As an action show, which its gets into, the fights are really well done, showing off serious creativity, cool superpowers, clever tactics, and a clear understanding of what writing and choreography makes combat actually interesting to watch. As a thriller or adventure, it does good work with its atmosphere, letting the mystery/action blend really steep together to get good feelings of threat, employing both suspense in that manner and, when necessary, surprise to make a layered emotional experience. The escalation over the whole show, from the early loops to the crescendo of the climax, is also excellent and couldn’t have been easy to prepare with the premise.
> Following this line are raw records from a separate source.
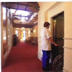
Above - Six person passenger lift.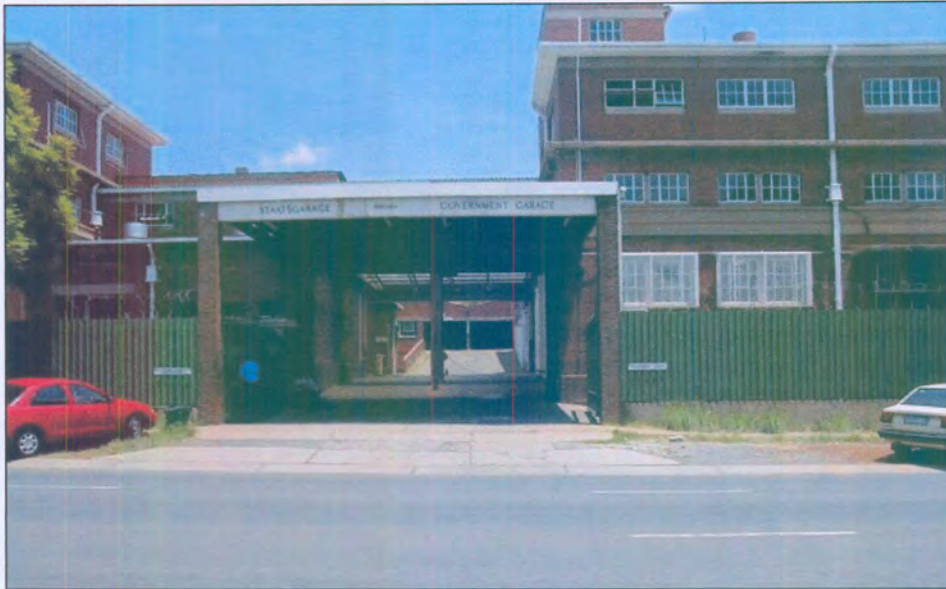
Figure 16: Main entrance

It is vital to create an entrance that will allow easy access to both pedestrians and vehicles. High traffic on Visagie Street does not allow that. The rehabilitation of Minnaar Street could be extended towards the park in order to create a suitable main entrance to both the technology park and parking to the south (figure 37). This will also emphasize the north-south axis of the park. The rest of the entrances could be maintained and enhanced for future access into the park. Blocks B, C, and D have north facing street facades, which if enhanced, could be utilised as architectural interface between the park and visitors.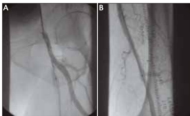
Figure 2. Image showing ostial SFA plaque excision with the SilverHawk LS-F plaque excision catheter (A) and distal Viabahn stent graft placement (B).

extended to the proximal landing zone. Finally, an 8-mm X 80-mm Powerflex P3 balloon catheter (Cordis Corporation, a Johnson & Johnson company, Miami, FL) was used to post-dilate the stent grafts to 10 atm yielding an excellent angiographic result (Figure 3A, B). Images of the tibial arteries showed no change from the initial diagnostic angiogram. Postprocedure ABI was 1.0, with no elevated velocities throughout the stent graft.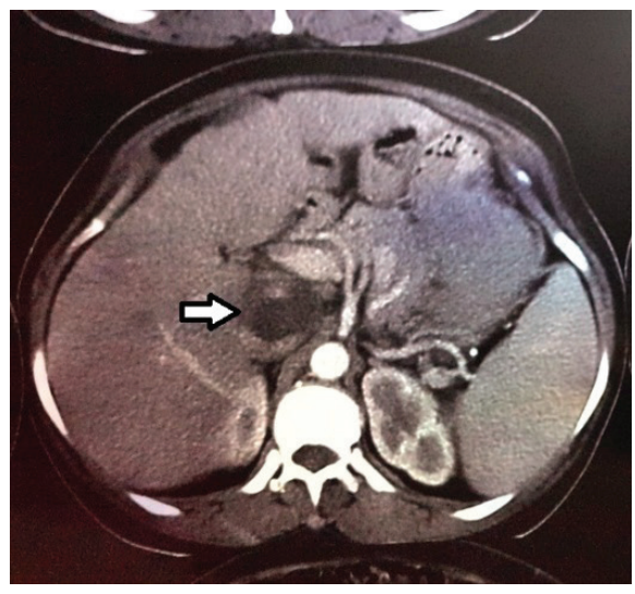
Figure 2. Abdominal Computed Tomography with contrast. The arrow shows the tumoral mass within inferior vena cava.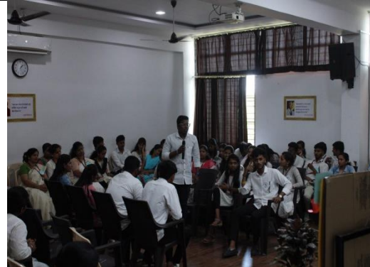
Students Presentations in Deabte Competition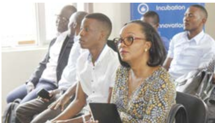
Incubatees during the training at the MUBS main campus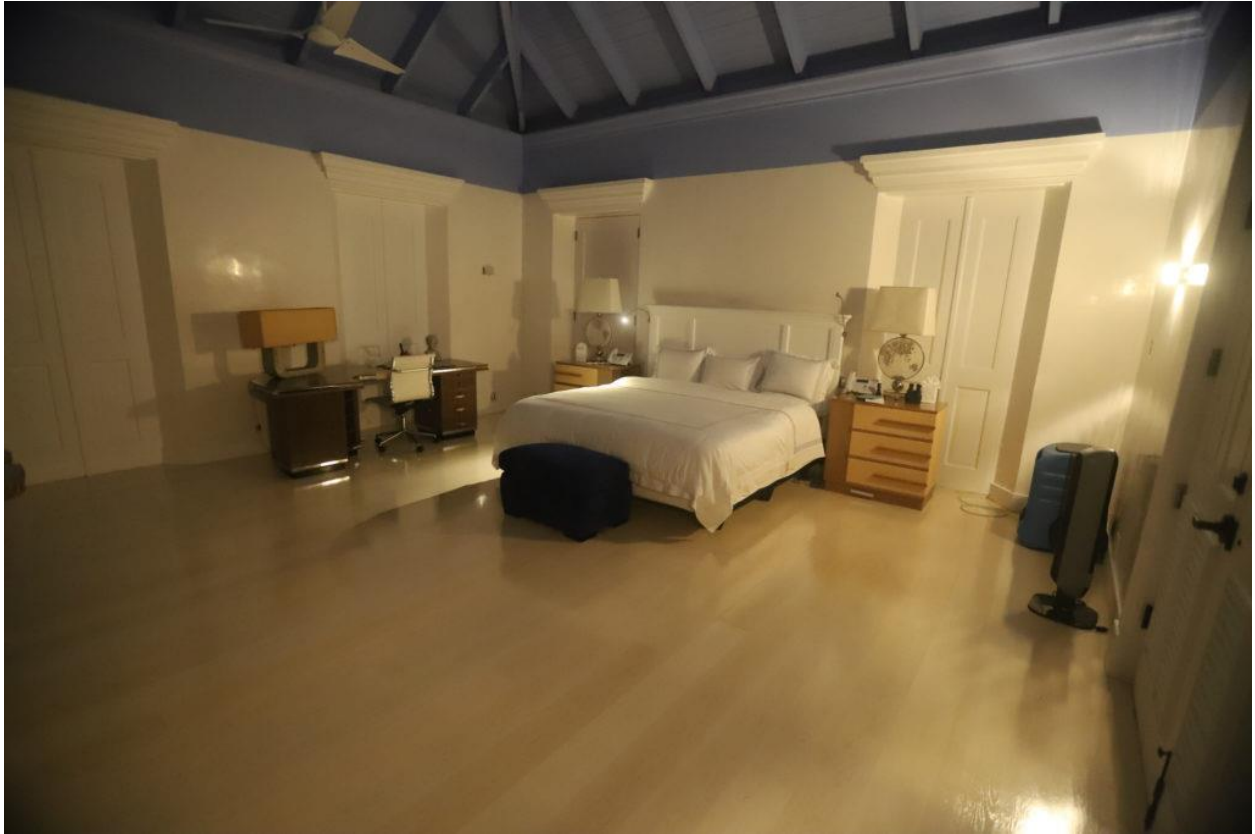
A bedroom located on a private island formerly owned by sex offender Jeffrey Epstein is pictured in a photo released by the House Oversight Committee.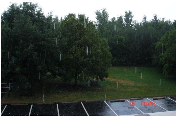
It began to rain and our group stood outside under the walkways with all the luggage

It began to rain hard. Three rooms had been kept for those with physical challenges to have a place to rest.

As a drama, the characters are really well done. It was only on writing this review that I had to look back and say “You know, Mio really is a waif being rescued all the time, isn’t she?” and the other folks are similarly dimensional and entertaining. Most of them have very clear voices, but they’re still round where they need to be, which is important for character writing, knowing when you need a clear picture and when you need nuance.

As for faults, it is honestly hard for me to find any. I guess if you were very tuned to the creeping dread of the first four loops and looking for a show with more Horror in its genre makeup, the fact that the gears switched more to action-adventure might not be the most pleasing, but that’s me trying to predict a corner case response, it’s not a particularly substantive problem. The animation is gorgeous, the adaptation work is stellar in translating the manga to the anime, the voice work is on point… what am I supposed to complain about?

This is a show that reaches high, and actually manages to get there. Not just touching the greatness it seeks, but grasping it firmly. In its setup it invites comparisons to a lot of great works, and it gets through those comparisons with flying colors. I can only rate Summertime Render and A+ and strongly recommend that readers seek it out to experience if they haven’t already.